Hoofdstraat in Kaatsheuvel in 1917 (foto: collectie RAT, nr. 56481) |
Tweede brief, deel 3
Toch wordt de leugen, dat Calvijn te Noyon in Frankrijk gebrandmerkt zou zijn, het gewone volk nog steeds in handen gestopt, en ook nog eens door alle roomsen in de Meierij geloofd. Bij toeval kreeg ik hier het Leven van Tijl Uilenspiegel in handen. Ik bladerde er doorheen en vond er tussen nog veel meer leugens, waar een roomse overigens evenveel geloof aan hecht als aan het evangelie, het volgende: Uilenspiegel kwam eens bij de paus. Deze vroeg hem of hij de lijken van Luther en Calvijn wel uit elkaar zou kunnen houden, mochten die twee ooit opgegraven worden. Hij gaf ten antwoord dat hij Calvijn goed zou herkennen aan het brandmerk op zijn rug.
Wat vind je van zo’n schaamteloze leugen, die men het domme volk als zuivere waarheid op de mouw spelt? Onder de roomsen in de Meierij is ook een spreekwoord gangbaar dat ik de kinderen langs de straat wel eens heb horen schreeuwen:
Jan Calvijn is in de hel;
Dat weten alle geuzen wel.
Ik ging vervolgens via Kaatsheuvel, een gehucht dat eigenlijk onder Loon op Zand hoort, naar dit laatstgenoemde dorp. Op de Kaatsheuvel wonen veel zwavelkramers, die overal heen zwerven met een mand vol zwavelstokken op hun rug voor de verkoop. Het is een miserabele handel, maar toch verdienen ze er de kost mee, want als ze iets verkopen, bedelen ze altijd om nog wat eten op de koop toe en dat wordt hun zelden geweigerd.

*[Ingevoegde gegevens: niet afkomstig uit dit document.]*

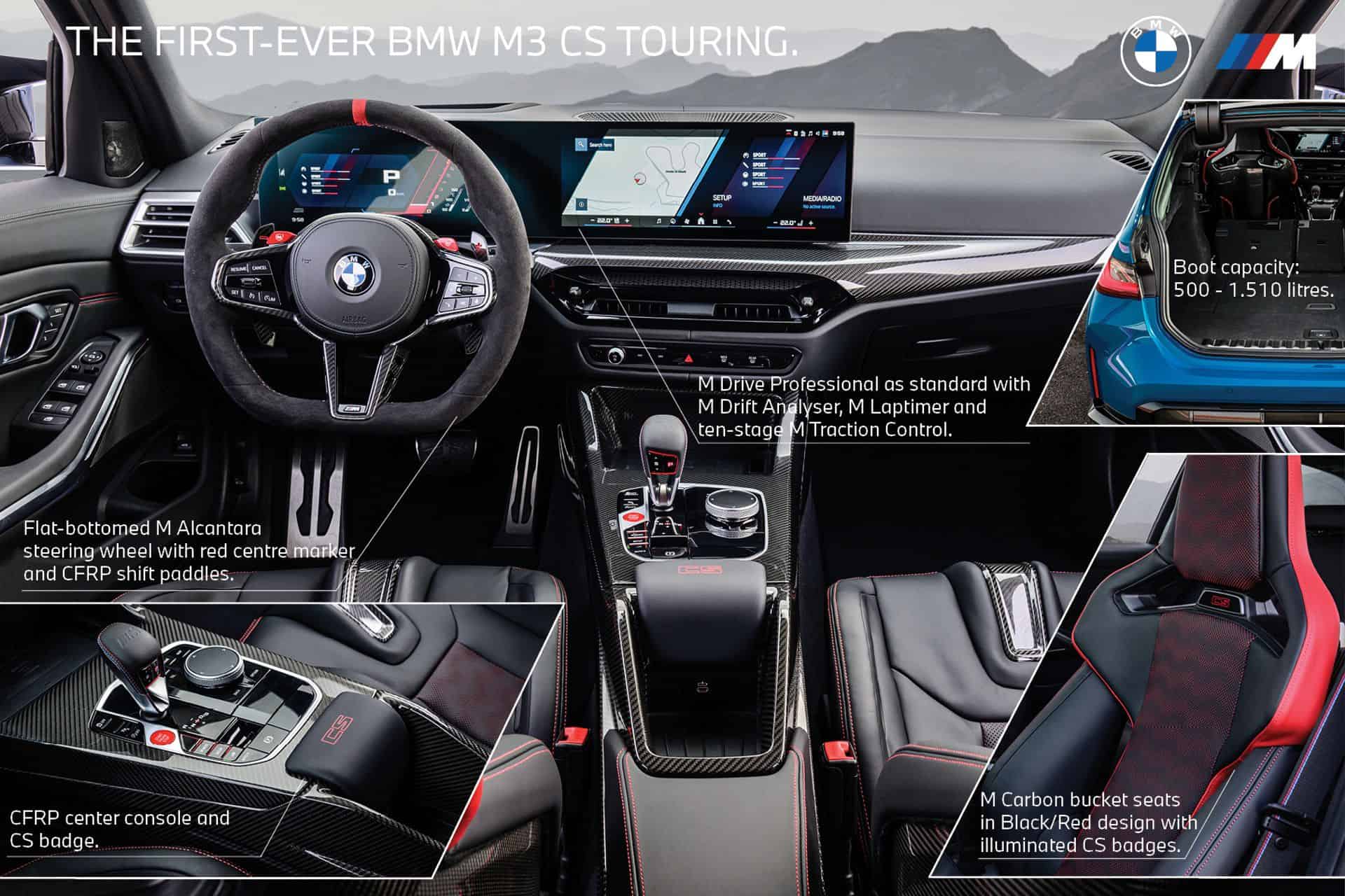 The interior is exactly what you’d expect from CS models. It starts with the black/red Merino leather and continues with the M Alcantara steering wheel with a flat-bottomed rim and red center marker in the 12-o’clock position. Naturally, the CS badge and inscription appears in several spots throughout the cabin. Lastly, BMW still offers the iDrive 8.5 operating system.

Als je ergens een zwavelkramer tegenkomt, en je vraagt hem of hij soms op de Kaatsheuvel woont, dan zegt hij altijd: “Nee! Maar in Loon op Zand.” Wat hiervoor de reden is, weet ik niet, of het moest zijn dat ze zich schamen, aangezien de inwoners van dit gehucht bij de Meierijenaars niet de naam hebben de allerbesten of allereerlijksten te zijn. Maar ik kan u verzekeren, dat zij even goed zijn als wie dan ook in de Meierij. Mij is er tenminste niets overkomen.